The novel is full of endearingly quirky characterizations: Charlotte longs for the chaste life—the opposite of her mother's—despite the fact that she is Jewish and that she cannot help falling in love with, among others, the convent's young caretaker; Kate spends long hours training in the local pool and at home is most comfortable in the bathtub. Their mother tries out new recipes, but only for appetizers; and the stream of men through her bedroom door is fairly constant. But as Mary-Ann Tirone Smith wrote in her New York Times review, "All three members of the family are completely tolerant of one another's oddball behavior." Reviewers were taken with Charlotte and what a Publishers Weekly critic called the "charm and freshness" of Dann's writing. The same reviewer called Kate and Charlotte "sharply etched and recognizable" characters who exerted "strong demands on the reader's affection." Elke Liebs, writing in the UNESCO Courier, found some aspects of the novel unlikely: the fact that Mrs. Flax "takes a malicious delight in stealing her daughter's first love" and that "she does not even want to come into the house with the father whom her children long to see on his only visit." Liebs felt that the book shows "a distorted picture of emancipation, psychological neglect and sarcasm which prevents us from experiencing clear feelings." But Tirone Smith found the character of Charlotte to be "a magnificent voice . . . compelling and tender, touching and alive," and deemed the overall work "a radiant debut."

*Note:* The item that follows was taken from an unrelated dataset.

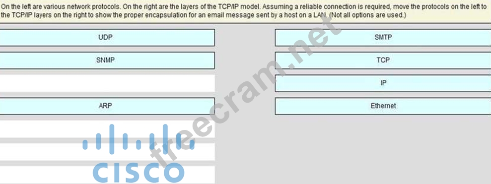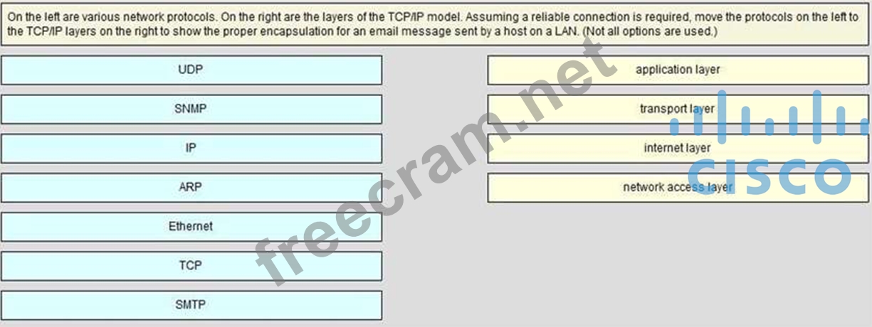 DRAG DROP On the left are various network protocols. On the right are the layers of the TCP/IP model. Assuming a reliable connection is required, move the protocols on the left to the TCP/IP layers on the right to show the proper encapsulation for an email message sent by a host on a LAN. (Not all options are used.) Select and Place:

In 1998 Dann published The Baby Boat: A Memoir of Adoption, a book about the experience she and her husband had in adopting a Lithuanian child. Dann writes that the national bird of Lithuania is the stork, a hard irony considering the horrific bureaucracy that impedes the adoption process to the point that only a determined few adoptive parents can persevere. First, an infant girl the couple had hoped to adopt dies before they can meet her. Then, after numerous administrative foul-ups, the year-old boy they next choose to adopt becomes ill and is sent to a poorly staffed and ill-equipped hospital. The couple continue to pursue the adoption, including going to great lengths to secure hard-to-find items such as medicine and diapers for the child. Finally, Dann's husband, Willem, is able to convince a Lithuanian judge to let them adopt the boy with the statement, "I fell in love with my wife in one day as well."

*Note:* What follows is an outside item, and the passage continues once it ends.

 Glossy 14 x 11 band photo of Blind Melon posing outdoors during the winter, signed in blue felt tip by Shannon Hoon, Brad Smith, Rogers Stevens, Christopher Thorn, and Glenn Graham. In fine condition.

Describing her 2003 novel, Dann told CA: "My book Sweet & Crazy is a poignant and bittersweet novel of a single mother coping with the extremes of life. Set in Ash Creek, Ohio, Hanna Painter and her son have just begun to patch together their lives, when the World Trade Center is attacked. Hanna struggles with the challenges of raising a son alone, romance, and racism as their once peaceful town faces a new century."

BIOGRAPHICAL AND CRITICAL SOURCES:

BOOKS

Dann, Patty, The Baby Boat: Memoir of an Adoption, Hyperion (New York, NY), 1998.

PERIODICALS

Booklist, September 1, 2003, Deborah Donovan, review of Sweet & Crazy, p. 53.

New York Times, October 12, 1986, Mary-Ann Tirone Smith, review of Mermaids, p. 50.

Publishers Weekly, September 29, 1986, review of Mermaids; September 8, 2003, review of Sweet & Crazy, p. 250.

UNESCO Courier, July-August 1997, Elke Liebs, review of Mermaids, pp. 16-19.